Site icon Info Bet Gratis – Main Zeus Gacor

Membongkar Cara Bandar Narkoba Koko Erwin Setor Uang Rp 2,8 Miliar untuk Eks Kapolres Bima Kota AKBP Didik

Liputan6.com, Jakarta – Eks Kapolres Bima Kota AKBP Didik Putra Kuncoro terbukti menerima aliran uang Rp 2,8 miliar dari bandar narkoba. Aliran uang itu diserahkan dalam tiga kali transaksi. Baik melalui transfer maupun diserahkan dalam bentuk uang tunai.

Kasubdit 3 Direktorat Tindak Pidana Narkoba (Dittipidnarkoba) Bareskrim Polri Kombes Zulkarnain Harahap merinci, penyerahan pertama sebesar Rp 1,4 miliar.

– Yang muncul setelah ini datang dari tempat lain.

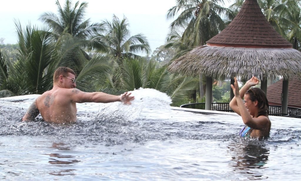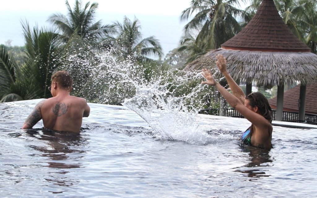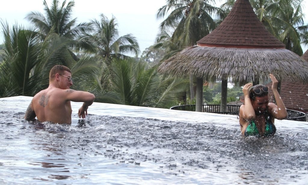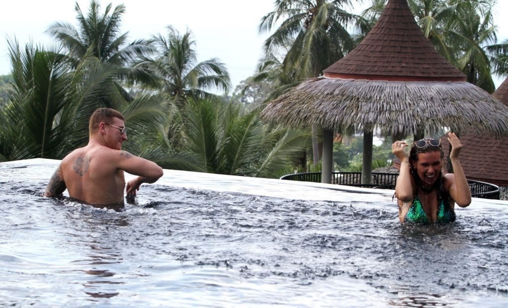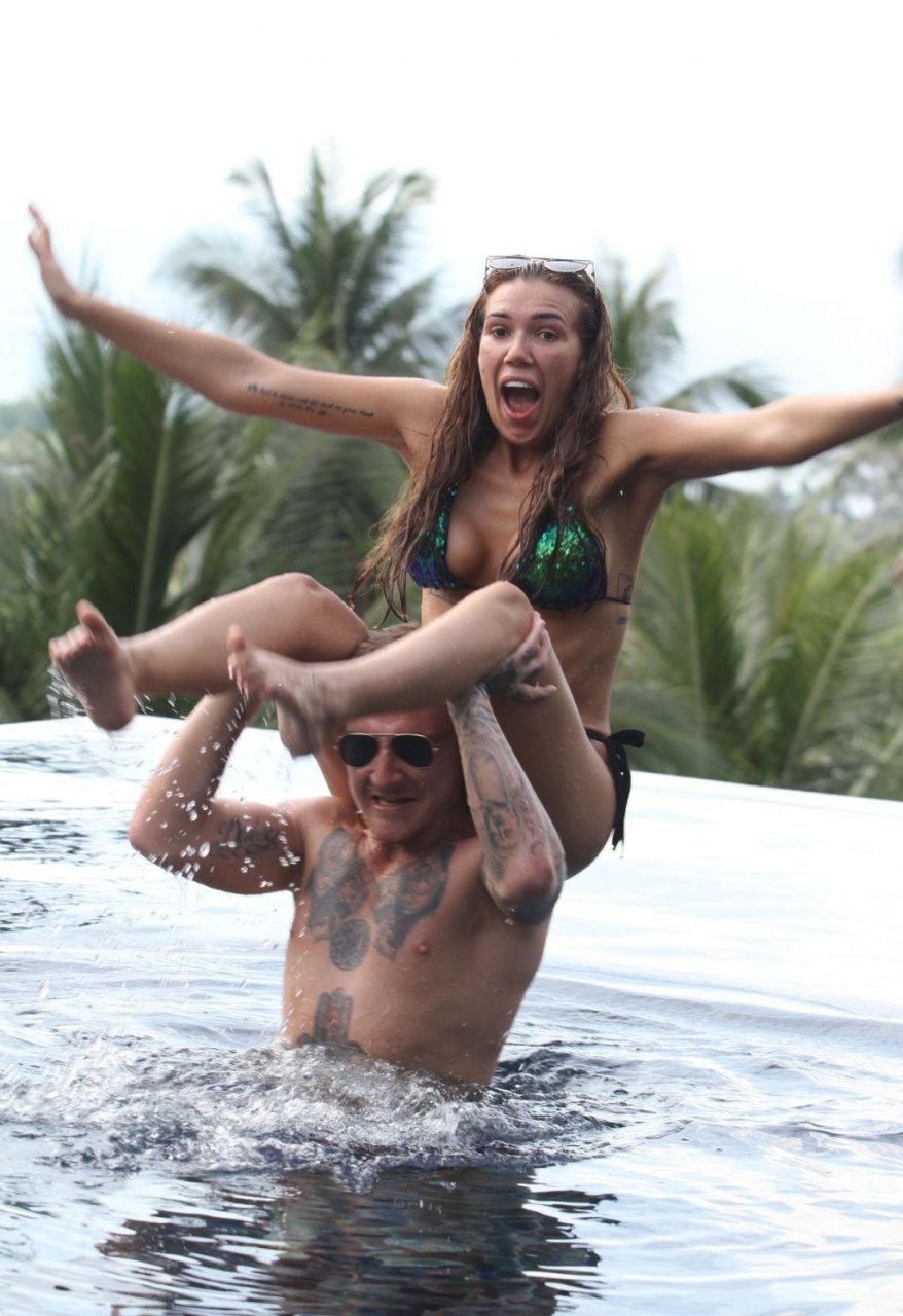 Имоджен, которая уже сбросила 3 стоуна веса, и похоже, что новая программа дает результаты, так как звезда выглядела потрясающе в своем многоцветном бикини на отдыхе у бассейна в Таиланде (апрель 2019).

Penyerahan kedua sebesar Rp 450 juta. Terakhir, sebesar Rp 1 miliar.

“Uang 2,8 M diserahkan sebanyak 3 kali,” kata dia saat dihubungi, Jumat (20/2/2026).

Pada transaksi pertama, uang Rp 1,4 miliar diserahkan tunai dalam koper. Penyerahan kedua, Rp 450 juta juga dalam bentuk tunai. Dibungkus dalam paperbag. Sementara transaksi terakhir sebesar Rp 1 miliar diserahkan dalam kardus bir.

Uang Rp 1 miliar dalam kardus bir itu dicairkan dari hasil transfer yang dilakukan Koko Erwin ke rekening milik orang lain. Pengiriman dilakukan bertahap. Awalnya, Koko Erwin mengirim uang muka Rp 200 juta. Dia mentransfer melalui rekening milik seorang perempuan bernama Dewi Purnamasari. Berlanjut dengan mengirim tahap kedua, Rp 800 juta.

Dalam proses pengiriman itu, eks Kasatnarkoba Polres Bima Kota, AKP Malaungi secara intensif melapor kepada atasannya AKBP Didik melalui sang ajuddan kapolres, Teddy Adrian. Hingga akhirnya proses penyerahan uang selesai. Total uang yang diserahkan Rp 1 miliar. Pada 29 Desember 2025 itu, atas arahan AKBP Didik Putra Kuncoro, AKP Malaungi menyerahkan uang itu ke Teddy sang ajudan kapolres.

Dari total uang Rp 2,8 miliar yang disetor ke AKBP Didik, sebesar Rp 1,8 miliar diberikan secara tunai lalu disetorkan ke bank. Sedangkan, Rp 1 miliar ditransfer menggunakan rekening atas nama orang lain yakni Dewo Purnamasari.

“Uang sejumlah 1,8 M memang diberikan tunai yang kemudian disetor ke bank, selain itu uang 1 M ditransfer dengan menggunakan nomor rekening nama orang lain,” ucap dia.

Pusat Pelaporan dan Analisis Transaksi Keuangan (PPATK) dilibatkan untuk menelusuri aliran dana tersebut. Terungkap, uang tersebut berasal dari bandar narkoba wilayah Bima yang disebut-sebut bernama Koko Erwin. Uang itu diserahkan kepada eks Kasatnarkoba Polres Bima Kota, AKP Malaungi, anak buah eks Kapolres Bima Kota AKBP Didik Putra Kuncoro.

“BD (Bandar) yang memberikan uang ke AKP M yaitu ‘B’ dan KE (koko Erwin),” ucap dia.

Polisi kini melakukan pengejaran terhadap Koko Erwin. Telah dilakukan pencekalan di kantor Imigrasi. Terkait jaringan narkoba yang dikendalikan Koko Erwin, Zulkarnain mengaku masih mendalami apakah masuk kategori nasional atau lintas negara.